FILE - In this Thursday, March 23, 2017, file photo, Federal Reserve Chair Janet Yellen steps offstage after speaking at the Federal Reserve System Community Development Research Conference in Washington. There isn’t much suspense about what the Fed will announce when its latest policy meeting ends: That it’s raising its key short-term rate for the third time in six months. But anticipation surrounds the possibility that the Fed could signal policy shifts in a statement it will issue, in updated economic forecasts and in a news conference with Yellen. (AP Photo/Cliff Owen, File)

The Latest: Fed cuts inflation, unemployment rate forecasts

June 14, 2017 - 2:09 pm

WASHINGTON (AP) — The Latest on the Federal Reserve's monetary policy meeting (all times local):


2:05 p.m.

Federal Reserve policymakers lowered their forecasts for inflation and unemployment, and continued to predict they would raise rates once more this year.

Fed officials now expect the U.S. unemployment rate to end the year at 4.3 percent, down from the 4.5 percent they predicted in March. They are just catching up with reality: The jobless rate has dropped with unexpected speed — to a 16-year-low 4.3 percent in May.

The policymakers now expect their favored measure of inflation to come in at 1.6 percent this year, down from the 1.9 percent they expected in March and below their 2 percent target. Annual inflation is running at 1.7 percent.

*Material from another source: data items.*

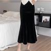 Samtrock Damen Herbst Koreanisch Bodycon Drapierung Hohe Taille Schlank Schwarz Meerjungfrau Rock
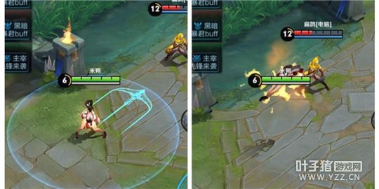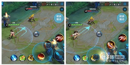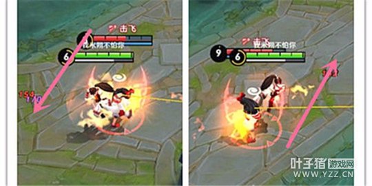 而火舞的施法指示器是一个圆弧范围,所以在和对面几乎重合的情况下使用一技能是必空的,这个时候只需要挪几步到图二的位置即可,这一点在使用2-3-1连招时极易出现,因为三技能把我们和敌方单位紧贴在一起,又为了连招手速基本上都是秒接,如果穿插一个被动翻滚那估计就直接脱离战场了,所以最好还是挪一下再用,也可以让控制时间更久:
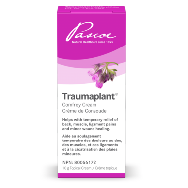 • Traumaplant comfrey provides a patented organic species of comfrey, Symphytum x uplandicum. Traumaplant helps to temporarily relieve aches and pains of muscles and ligaments, caused by strains and sprains (such as acute ankle distortion and back pain).
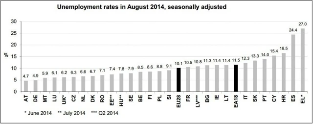 Nejnižší míru nezaměstnanosti vykázaly Rakousko (4,7 %) a Německo (4,9 %), nejvyšší naopak Řecko (27,0 % v červnu 2014) a Španělsko (24,4 %). Ve srovnání s minulým rokem, míra nezaměstnanosti klesla ve 22 členských státech, zvýšila se ve čtyřech a ve dvou zůstala stabilní.
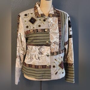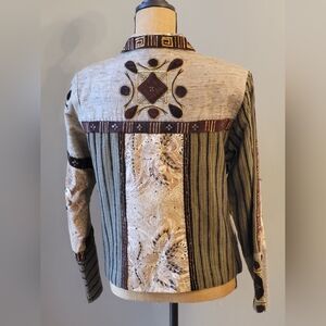 Sandy Starkman vintage 80s jacket in earth tones of brown/gray/copper with embroidery and beads.

They increased their projections for economic growth this year to 2.2 percent from the 2.1 percent they forecast in March. They continue to expect the economy to grow 2.1 percent next year and 1.9 percent in 2019. These rates are well below the Trump administration growth goals of 3 percent a year.

The Fed raised the short-term rate it controls to a range of 1 percent to 1.25 percent, the second hike this year and the third in six months. The policymakers signaled that they still expect to raise rates once more in 2017.


2:00 p.m.

The Federal Reserve is hiking a key interest rate for the second time this year and is planning to reduce the size of its $4.5 trillion balance sheet as well.

Fed officials voted 8-1 to raise the federal funds rate to a range of 1 to 1.25 percent. The rate sets what banks can charge each other for overnight loans and influences the availability and flow of money in the U.S. economy. Only Neel Kashkari, president of the Minneapolis Fed bank, opposed the increase.

The Fed also says it expects to begin reducing its balance sheet this year "provided the economy evolves broadly as anticipated." This would reduce its holdings of Treasury and mortgage-backed bonds, which they acquired in the wake of the financial crisis to support economic growth. Fed officials project growth of roughly 2 percent in 2017.


1:00 p.m.

The Federal Reserve is expected to announce plans to lift a key interest rate at 2 p.m. Eastern time.

Fed officials are wrapping up their two-day June meeting. Most analysts believe the Fed will raise the federal funds rate — what banks charge each other for short-term loans — for the second time this year. Fed officials previously increased the rate in March to a range of 0.75 to 1 percent. There was only one rate increase in both 2015 and 2016.

Financial markets have been anticipating the increase. U.S. stock markets were relatively flat through afternoon trading, while the yields on 10-year Treasury notes had fallen to 2.11 percent.


4:35 a.m.

World stock markets and the dollar are firm ahead of an expected interest rate increase by the U.S. Federal Reserve.

Germany's DAX index is up 0.4 percent and Britain's FTSE 100 0.1 percent. In Asia, Japan's Nikkei 225 ended the day marginally lower. Some gains are expected on Wall Street later, with the futures for both the Dow and S&P 500 up 0.1 percent.

In currency markets, the dollar is up to 110.22 yen from Tuesday's 110.04 yen. It is roughly flat against the pound, at $1.2758.

The U.S. central bank is widely predicted to nudge up its benchmark rate by a quarter point on Wednesday, to a range of 1 percent to 1.25 percent.